When she finds out that her father is stuck in their family home in the middle of a gigantic hurricane  that threatens to wipe out a large portion of Florida, pro-swimmer Haley risks her own life to drive into the storm and try and get him to safety. As if the cataclysmic weather wasn’t enough to deal with, Haley and her father, Dave, soon find themselves in a cramped cellar surrounded by an ever-increasing amount of man-eating alligators.

WHAT WE THOUGHT:

This is going to be a short one, folks, because, really, how much is there to say about a movie this simple and this beholden to genre tropes. Remember that movie where Blake Lively spends the entire film in a bikini facing down a huge shark that makes the one from Jaws look like a goldfish? The Shallows, I believe it was called? Well, Crawl is exactly like that. Just, you know, with alligators rather than a shark and much, much worse.

Admittedly, having Blake Lively in not a ton of clothes made sure that your attention never really wondered far from the screen during while watching the Shallows but, less cynically, the truth is that the Shallows worked because a) Lively is an engaging screen presence and a very underrated actor, and b) because the film itself was a nicely paced, well-shot b-movie that steadily built suspense all the way until its triumphant end.

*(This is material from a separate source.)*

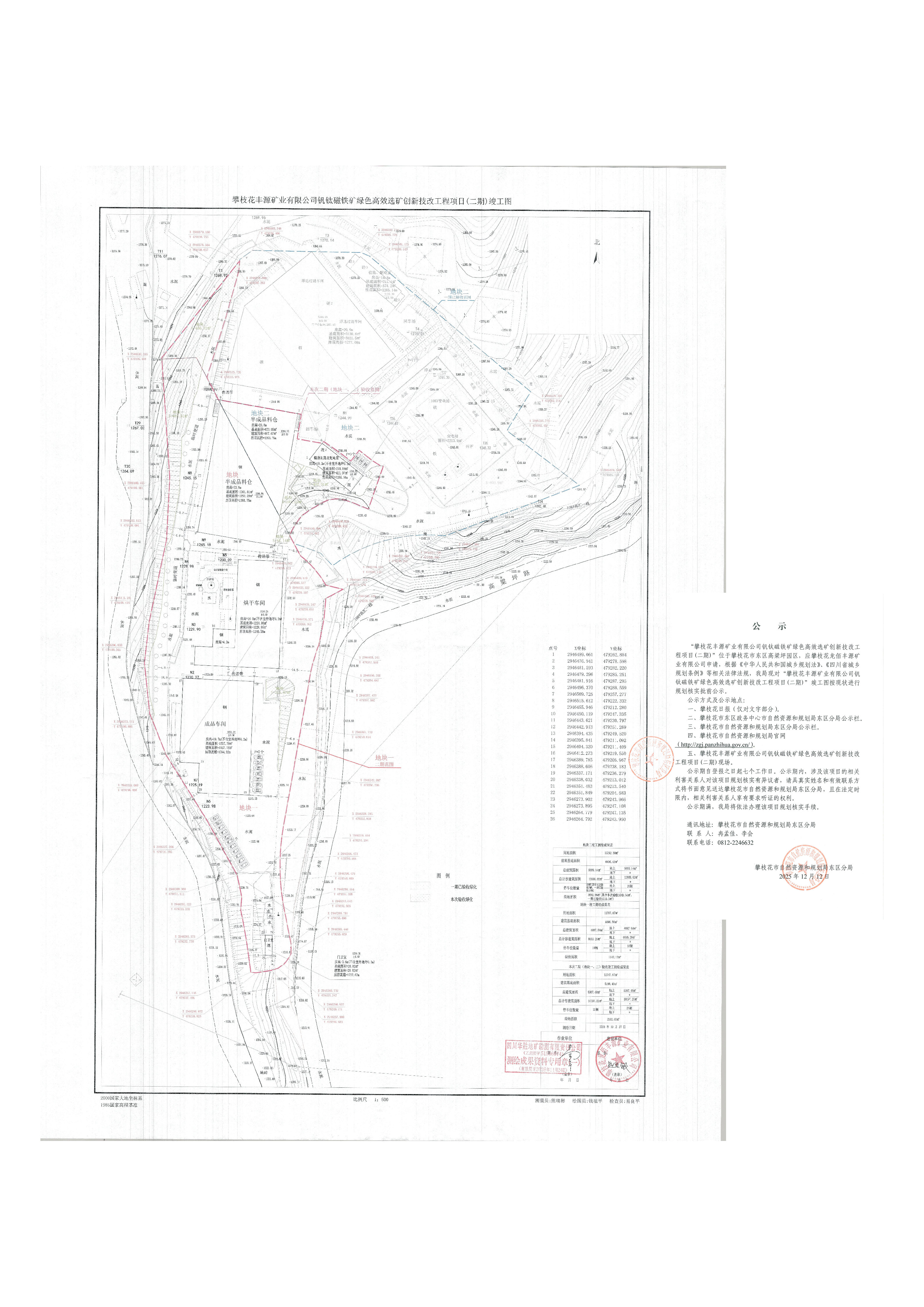 “攀枝花丰源矿业有限公司钒钛磁铁矿绿色高效选矿创新技改工程项目(二期)”竣工图按现状规划核实批前公示

Crawl goes for pretty much the exact same thing but it just never comes together. Kaya Scodelario is a fine actress in her own right, but she never manages to command the screen in the way that Lively does with really very little effort – and, no, I’m not talking about the choice of wardrobe in their respective films. And, sadly, she really needs to be able to have full command of the screen here because there’s not much else going for Crawl.

There is an obvious attempt by director Alexandre Aja (Piranha 3D, Horns) to build tension by having each ‘gator encounter be madder and more extreme than the one before but rather than ratcheting up the thrills, the overall effect here is one of tedium. It’s long before the film’s halfway mark that you can’t help but want the damn thing to end, one way or another. It’s less than one and a half hours long, but it feels much longer.

It’s strange: Aja seems like a solid choice here because he did make the gleefully ridiculous exploitation flick, Piranha 3D, such a fun time at the cinema (quite unlike its ghastly sequel) and Crawl is roughly in the same ballpark, genre-wise. The big problem here, then, probably has a lot to do with Michael and Shawn Rasmussen’s witless, uninventive script that is far too baggy to work as a tight suspense-movie and far too po-faced to work as a fun piece of schlock. It’s just kind of a slog.   

As for Aja’s direction and Maxime Alexandre’s cinematography, this is where things become a bit sticky. The film that I saw was a drab, murky affair, with much of the action rendered all but indecipherable, but – and this is indeed a very, very big “but” <snigger> - it is entirely possible that this might be the fault of the print or the way the film was projected. The trailer looked quite a bit better, but that might just be because I saw it on a laptop monitor with the brightness on full.

As it is, this is the only thing preventing me from giving the film an even worse grade. Even if this was a technical fault in the projection of the film and not the film itself (Maxime Alexandre was the cinematographer on the unwatchable The Nun, after all), I still can’t see myself giving it a much higher grade either, though. Murky or not, the film was still a pretty joyless, bland affair with barely-there characters and a total lack of awareness of its own silliness. Either way, it’s probably best to just give this one a miss.